I'm just wondering if my symptoms can be a direct cause of depression and of stress. I wondered if anyone has had any similar experiences and was hoping for some words of encouragement or for some advice....

I am absolutely exhausted. I can feel overwhelmed by the simplest of things. For example, sometimes I can't even make the bed or peg the washing out because I feel like, 'Ugh. I just don't care about this!' 

I love going out for walks but when I do I feel like I have to really push my body. There is no 'oomph!' in me. Sometimes I just lie in my bed and let my body rest but my mind is always whirring away! My whole body aches!! - My head, my neck, my shoulders and my upper back in particular, but I have a weird butterfly feeling in my stomach also and strange almost-cramping pains in my legs and upper arms. My sinuses also feel blocked and this general aching and pain is dragging down the mood. 


I've been under an enormous amount of stress lately and hadn't been sleeping, but I took some sleeping kalms tablets and they've seemed to help thankfully!

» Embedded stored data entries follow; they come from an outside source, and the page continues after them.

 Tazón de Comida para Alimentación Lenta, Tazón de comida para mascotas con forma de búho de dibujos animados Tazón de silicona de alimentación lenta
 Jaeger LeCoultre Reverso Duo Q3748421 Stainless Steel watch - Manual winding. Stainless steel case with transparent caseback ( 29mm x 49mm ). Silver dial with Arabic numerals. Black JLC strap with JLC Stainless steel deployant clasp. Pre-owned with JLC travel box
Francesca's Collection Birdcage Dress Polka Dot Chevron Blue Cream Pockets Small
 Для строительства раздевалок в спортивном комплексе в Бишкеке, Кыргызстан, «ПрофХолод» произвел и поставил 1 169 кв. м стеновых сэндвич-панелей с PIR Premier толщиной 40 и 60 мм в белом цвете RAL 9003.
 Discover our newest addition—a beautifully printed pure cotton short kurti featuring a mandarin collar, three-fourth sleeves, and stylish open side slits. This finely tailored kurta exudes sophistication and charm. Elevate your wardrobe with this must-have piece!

I've also removed a stressful situation from my life but there's still A LOT more I need to deal with going on right now. 

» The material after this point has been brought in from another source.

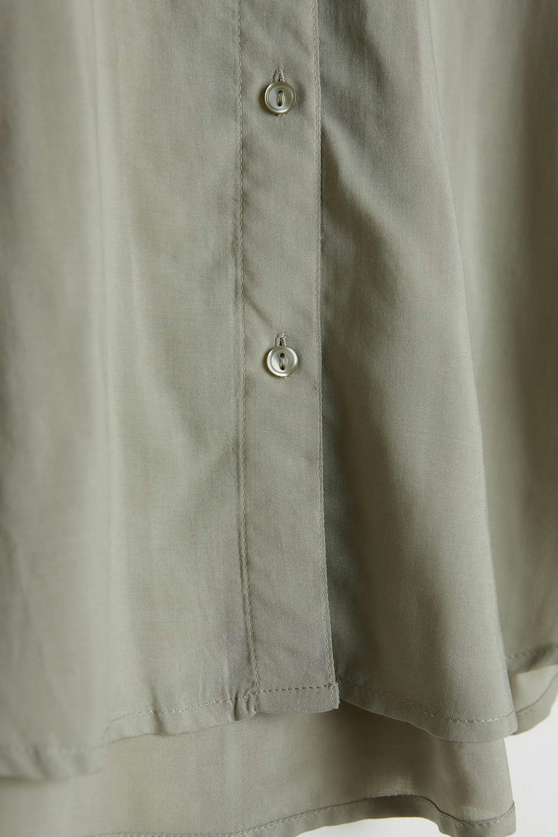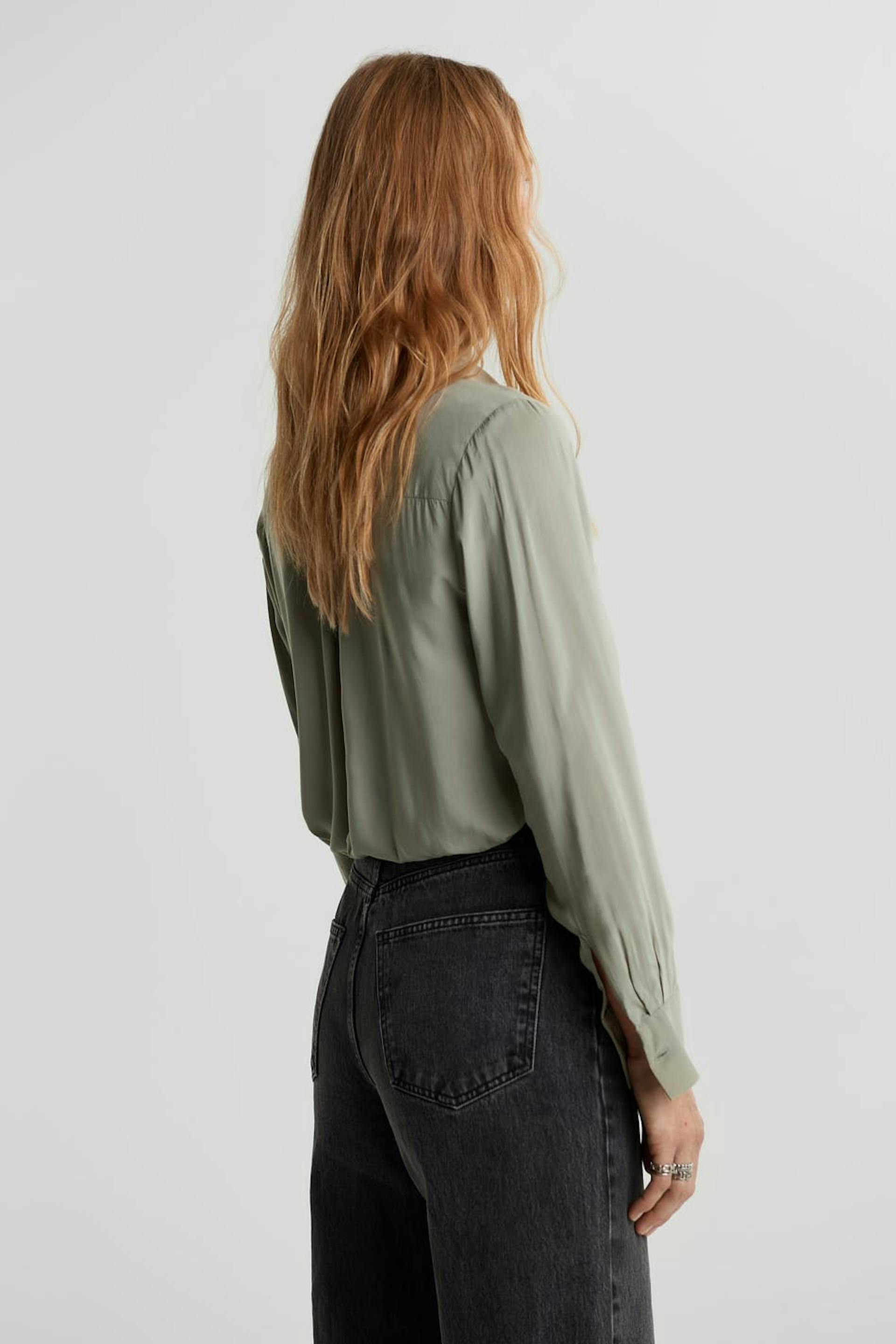 Blød skjorte med lange ærmer. Skjorten er grøn og lidt længere bagtil.

My diet isn't great. I mostly eat fruit and eat an absolute maximum of 700 calories in a day (over-exaggerated and is more like an absolute max of 600). I feel like my body this week has just snapped and said, 'Sorry, I cant do anything anymore'. I have NO energy. 

My mood is VERY low. 

Is this total exhaustion due to depression, stress or physical health? Any tips on how to feel more energised and rested? 

Thanks!!

----------


## OldMike

Hi EM, I can relate to some of what you've written re aches and pains, lacking oomph and fatigue, depression in my case causes those symptoms to the point where I question is something physically wrong or is it the depression (my depression is great at mimicing (spelling) physical symptoms). In my case one clue that it is depression is when I get involved in doing something the symptoms vanish only to return when I sit and try and relax.

I'm no nutritionist but it doesn't look like you're eating enough which could be causing a lack of oomph and aches and pains.

Have you seen your doctor?

----------


## JustEM

Hi there!

Thanks for your reply. I'm sorry to hear you get lots of aches and pains, too. It's a real positive that you're able to know when the exhaustion is coming from the depression.

Thanks for your advice. I put it to use today and saw it WAS my depression and stress affecting my mood, exhaustion and motivation. Also I find if my body is hungry, I don't have any motivation to do anything until I've eaten. Sometimes I forget food is actually fuel! Like just today, I ate a tiny finger of watermelon and a cup of tea for 'dinner' last night and breakfast today was a small portion of melon again so by 12 o'clock I was really needing something, even if I wasn't experiencing the sensation of hunger as such. But after I ate something and putting your advice into action, I felt more energised, got showered and now I'm out on a lovely scenic walk in the sunshine.

Unlucky depression! I win!

I don't eat much, no. I have a history of chronic and severe anorexia and it's not like that now even though the symptoms look the same in some ways! The CMHT are making sure I don't keep losing weight. My appetite is poor due to depression. 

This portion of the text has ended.